Focus on the Family (Action) just keeps getting more and more "worldly" in its futile effort to claim a moral, "Christian" mandate for this country.

Pa. Thet. Ic.

What Focus on the Family REALLY thinks about the planet: Not much.


Tuesday, December 04, 2007


Reformation redux

My RW friend, HapaThealogy -- "non-theist hapa Christian-other" (I love it! ) -- stopped by my Sunday post.

Later, in conversation, she again let me live vicariously, as it were, through her ongoing seminary experience by updating me on her studies.

In the spirit of things, so to speak, I offer her, and y'all, a rerun from fall '04, when I was in the throes of Reformation studies. I think I could've tightened up the thinking in my first paragraph (hey, I was in throes), so I'll start here with the fourth:

"(Alister) McGrath’s thesis is that while the Reformation built upon certain strains of thinking from scholasticism and humanism, there is no way to reduce its intellectual origins to anything approaching a precise point, either in time or on any of the spectra of philosophy and theology under way when Luther, Zwingli, Calvin and other reformers appeared. There is no single idea or tidy convergence of meaning that one can point to in explaining why the events and beliefs of the Reformation occurred exactly how and when they did."

Can't sleep? Read all of my review of McGrath, Alister E. The Intellectual Origins of the European Reformation. 2d ed. Malden, Mass.: Blackwell Publishing, 2004. (289 pages).


Monday, December 03, 2007


(Baby) Bird set for take-off -- again!

Sniff-sniff. I can't believe my Baby Bird is fixing to graduate college! And is engaged to a hairy-legged boy! And is moving to Houston!


Time a for a couple of Baby Bird reruns:

The first Baby Bird post.

ER doggerel on driving Baby Bird and her stuff to college.



Sunday, December 02, 2007


Baa-baa humbug!

Probably going to regret this -- I almost always do -- but I'm skippin' church today to get some work done. (It's 20-25 minutes away.
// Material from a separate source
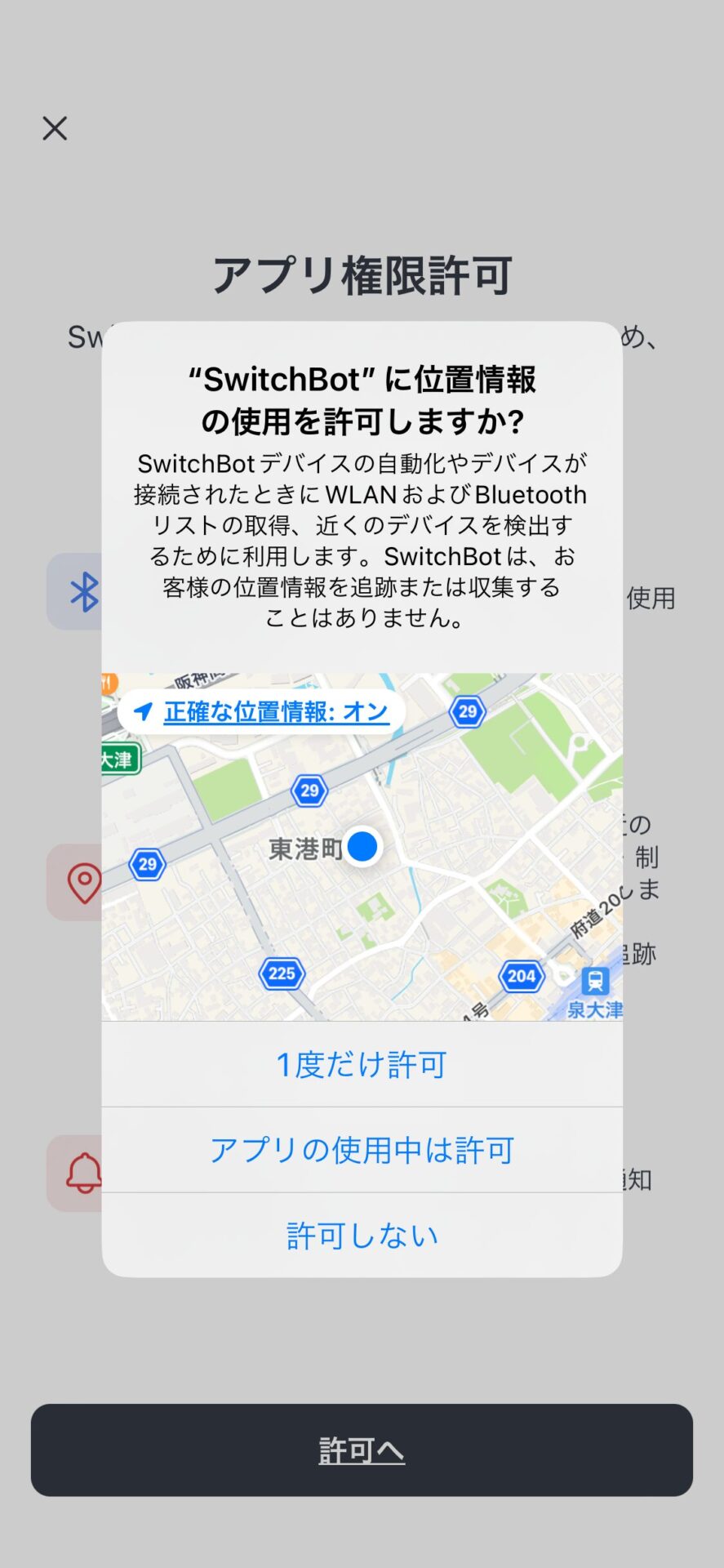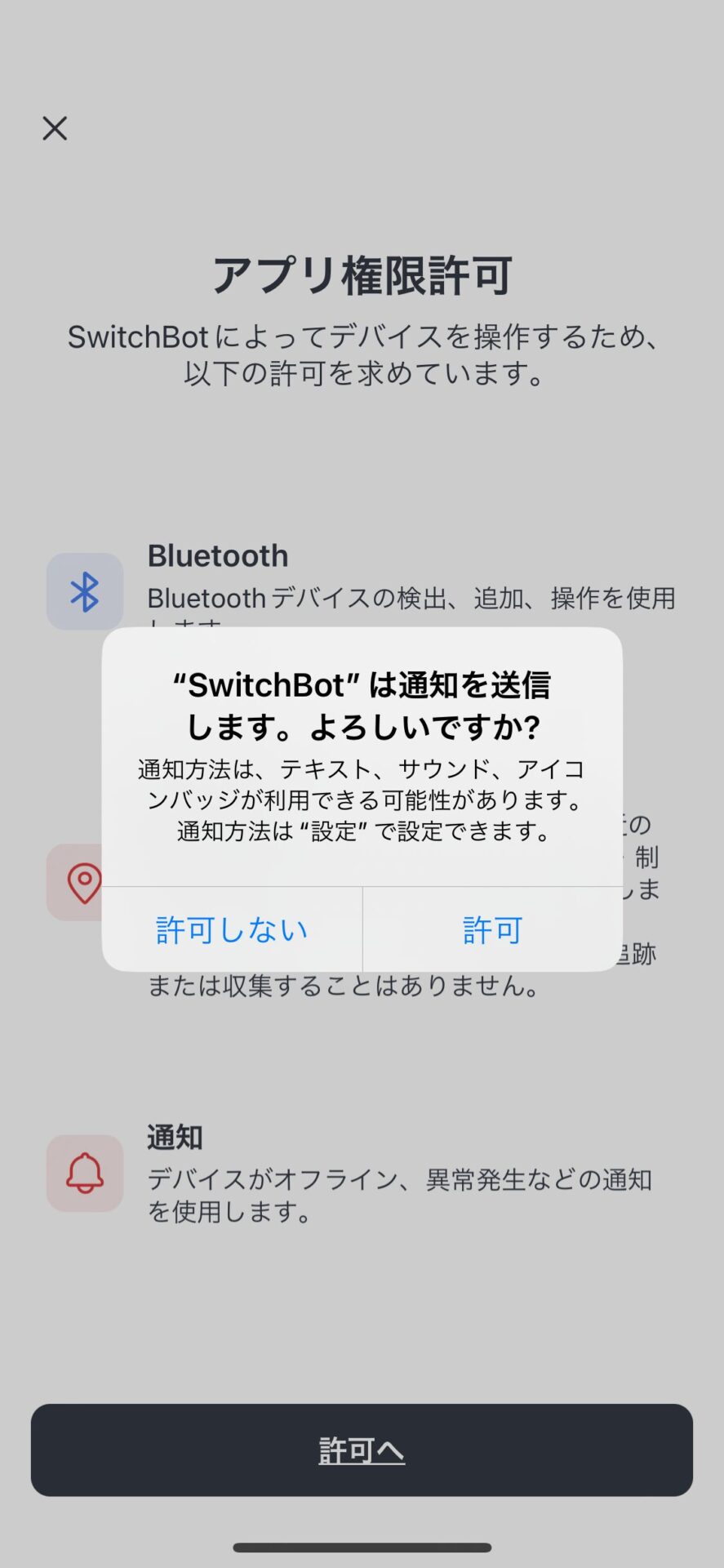 “SwitchBot” に位置情報の使用を許可しますか?と聞かれます。

Counting getting ready, it's three hours total I just don't think I can spare this morning.)

1. Work-work: Yesterday, the book review took more time than I'd budgeted for it. So I never got to my work-work. So, I'm behind on Friday's work, and, since I'm off most of this week I need to work ahead -- plus I plan (but am now not sure that I will be able) to go to a Christimassy party in Texas next weekend.

2. I forgot that on Thanksgiving Day the gooseneck under the kitchen sink stated coming apart, and that I ER-rigged it with duct tape, until it started leaking again yesterday. Got to fix that for real today.
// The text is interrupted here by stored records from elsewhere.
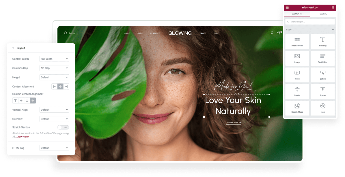 Glowing is available with both top page builders for WordPress theme: WPBakery and Elementor.
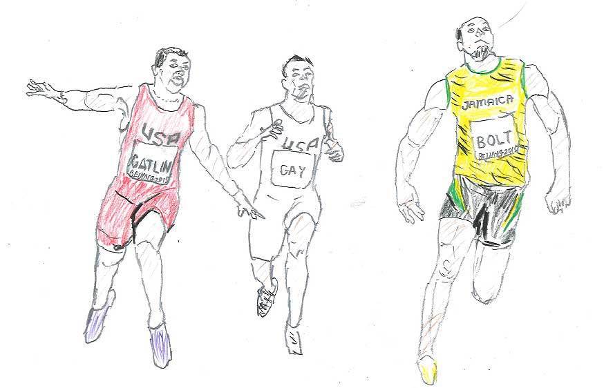 図1 昨年の世界陸上北京大会で、100分の1秒差で勝敗を分けたボルトとガトリンのゴール時のスケッチ。五輪でもこの再現になるか。
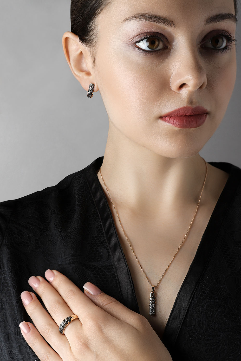 Фото «Золотые серьги Vesna jewelry 21146-156-178-00 с черными бриллиантами, коньячными бриллиантами, бриллиантами»
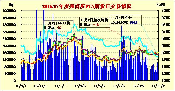 | TA711 | 5172 | 5198 | 5156 | 5176 | 5180 | 16 | 459534 | 32050 | 64448814 | 827948 | -37780 |
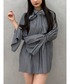 【ジャケット】 身頃と袖のシャーリングがポイントのジャケット! 付属のベルトを巻いてミニワンピにも出来ちゃう万能ちゃん✨ 【チュニック】 大きなリボンタイが甘くてかわいいチュニックシャツ! グレーはストライプなので1枚でも決まります🎀 【ブーツ】 超万能なレースアップブーツ! 23.5cmでMサイズ着用です🐾
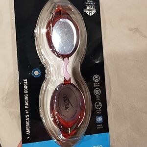 Speedo women's competitive vanquisher 2.0 mirrored goggles. Widest panoramic lens UV protection with anti-fog cushion silicone seals for interchangeable nose pieces. NWT
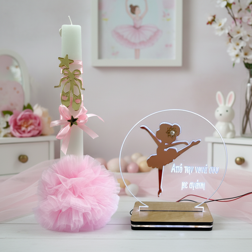 Χειροποίητη Πασχαλινή Λαμπάδα Μπαλαρίνα με προαιρετικό LED Φωτιστικό
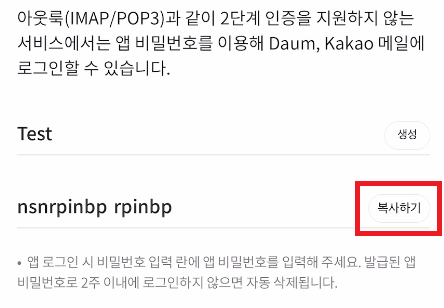 생성된 비밀번호 옆에 복사하기 터치해서 복사한 비밀번호를 로그인에 사용하면 됨.

3. The blustery, blowy wind knocked some loose pickets out of the back fence, and dang near blew down a whole section. I ER-rigged it at dusk yesterday with some balin' wire, but I need to get that more secure today, too, in an effort to stop Riker & Bailey's Excellent Adventure before it gets started.

Hey, I even scotched plans to drive to Stillwater this afternoon to see OSU-OU wrestling with Bird and YB. :-(

If you went to church today, share a verse or a congregational prayer or a hymn in the comments! If you didn't go to church, a little dab of any kind of goodness and graceness will do me. :-)


Saturday, December 01, 2007


Writin' weather

Ooooh, it's dark and blustery and blowy out there. Could be about 20 degrees cooler, to suit me -- but this is close enough, so I'll take it.

Reminds me of late fall semesters in college, surrounded by books, studyin' in the stately piano room at Bennett Hall at Oklahoma State (pictured).

Today, it's the kitchen table, not the piano room, and just a few books, one I'm reviewing and a few others on related topics for reference; this laptop, not a typewriter (thank God); and a string of 1940s crime-detective flicks on in the other room for background noise.

The Western Channel is in a rut or something; the same few movies are on all the time. It's a shame because that kind of background would be more appropriate for the review I'm writing, which is of a book based on the journal of a cowboy on an early-early (1868) cattle drive from Texas, through Indian Territory to Missouri.

Goal: Get it done by noon, or at least in hand; then undestroy the kitchen and finish laundry (ongoing); then do some work-work; and if time make a dash to do a little "FBI work," which is we the ERs call "Christmas shopping."

Then, settle in to watch Missouri kick Sooner football butt.